Inktomi also makes "flow-control" software, which helps users attached to corporate networks surf the Web more efficiently by storing copies of pages from remote sites on the company's own computers, so they needn't be downloaded repeatedly. Some analysts think this service is the key to Inktomi's future.

"The core of that company solves an important problem, the speed of the Internet," said Alan Braverman, an analyst at Credit Suisse First Boston. Rather than build bigger pipes, Mr. Braverman said, Inktomi makes the Internet faster with "a smarter architecture."

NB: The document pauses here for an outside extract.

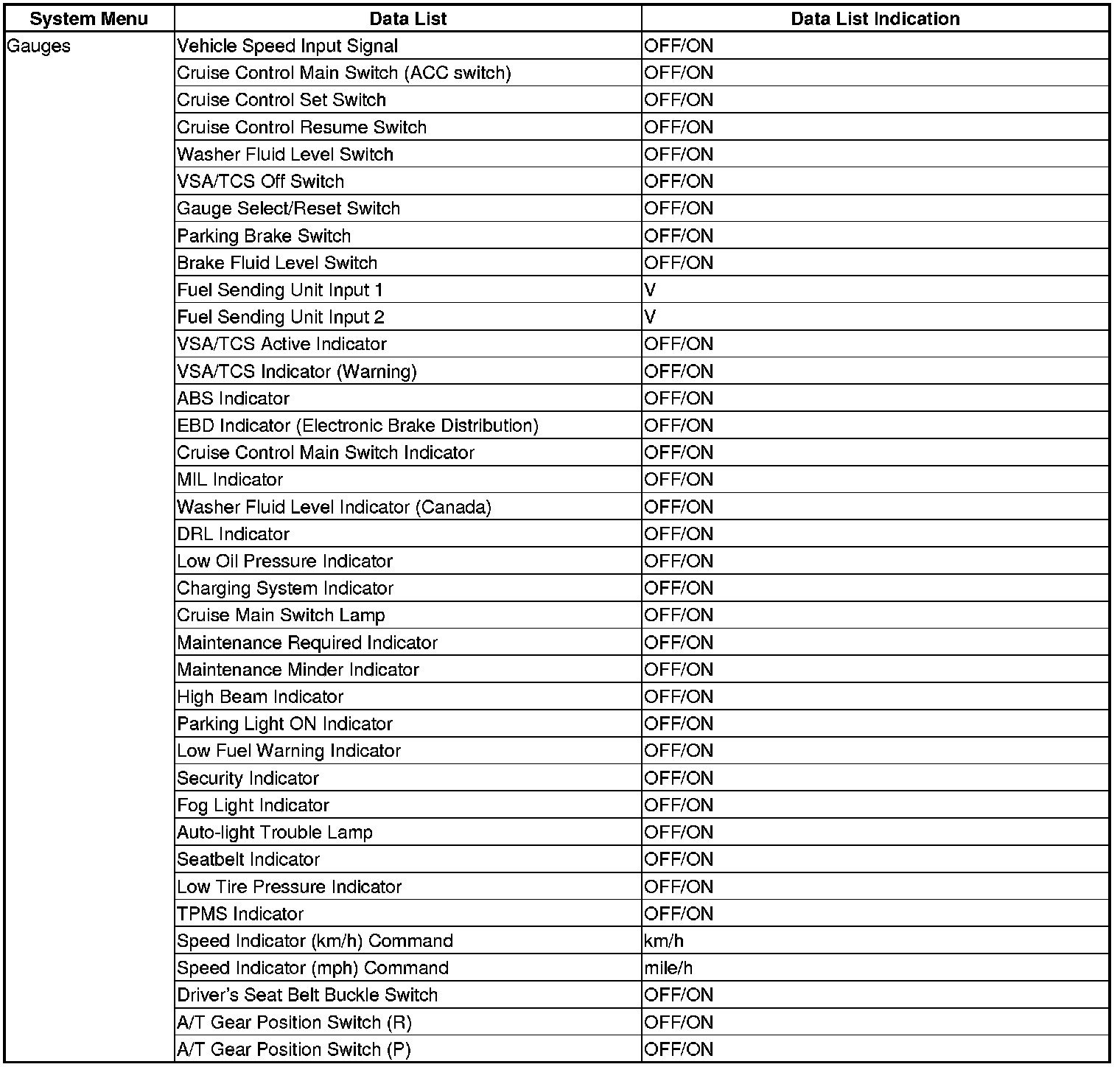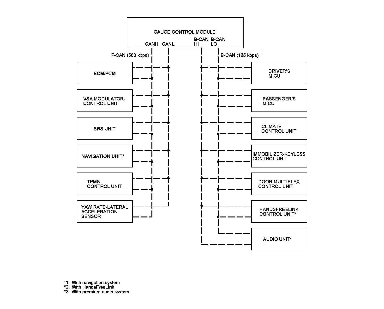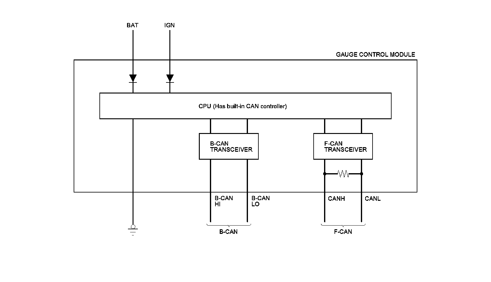 The body controller area network (B-CAN) and the fast controller area network (F-CAN) share information between multiple electronic control units (ECUs). B-CAN communication moves at a slower speed (125 kbps) for convenience related items and for other functions. F-CAN information moves at a faster speed (500 kbps) for "real time" functions such as fuel and emissions data. To allow both systems to share information, the gauge control module translates and relays the information from B-CAN to F-CAN and from F-CAN to B-CAN. This is called the Gateway Function.

But Clay Ryder, an analyst at Zona Research in Redwood City, Calif., questioned whether those technologies are enough to make Inktomi profitable in the long run. Both the searching method and flow control can be copied by others, he said. "I'm not so sure what all the excitement's about," Mr. Ryder said. He suggested that Inktomi's stock was largely riding the winds that have pushed the stocks of other Internet-related companies to stratospheric levels.

Inktomi is the latest in a series of hot IPOs by Internet-related companies, including ISS Group Inc., Verisign Inc. and Exodus Communications Inc. These offerings have created their own "self-fulfilling prophecy," said Claudia Mott, director of small-stock research at Prudential Securities Inc.

The Internet sector is the only area of the new-issues market that has consistently performed well, Ms. Mott said. Consequently, fund managers clamor for the offerings, driving up demand and price.

But Ms. Mott warned that Internet stocks will likely succumb to the same cycle as other high-flying niches from years past. The market will eventually become saturated, she predicted, and only a few of the companies will survive as long-term profitable investments.

Inktomi got its start in 1995, when Prof. Brewer was conducting government-funded research at UC-Berkeley on ways to link many computer workstations to function like a supercomputer. His first demonstration project involved creating an Internet search engine. Realizing that it had commercial potential, he and Mr. Gauthier formed Inktomi.

The two men agreed to pay the university a licensing fee, in stock, for work done at Berkeley. Details of that licensing arrangement aren't public, but the university holds less than 5% of the shares. The largest holder in Inktomi, with about 15% of the stock, is Oak Investment Partners, a venture-capital group with offices in Westport, Conn., and Palo Alto, Calif.

At Inktomi's offices Wednesday, about 30 employees gathered to watch a video feed as the stock was posted on the Nasdaq for the first time. But Shernaz Daver, Inktomi's vice president for corporate marketing, said it was mostly a normal day -- aside from employees occasionally checking the new stock price. "People are trying to figure out what to do next," Ms. Daver said.

--Dunstan Prial of Dow Jones Newswires contributed to this article.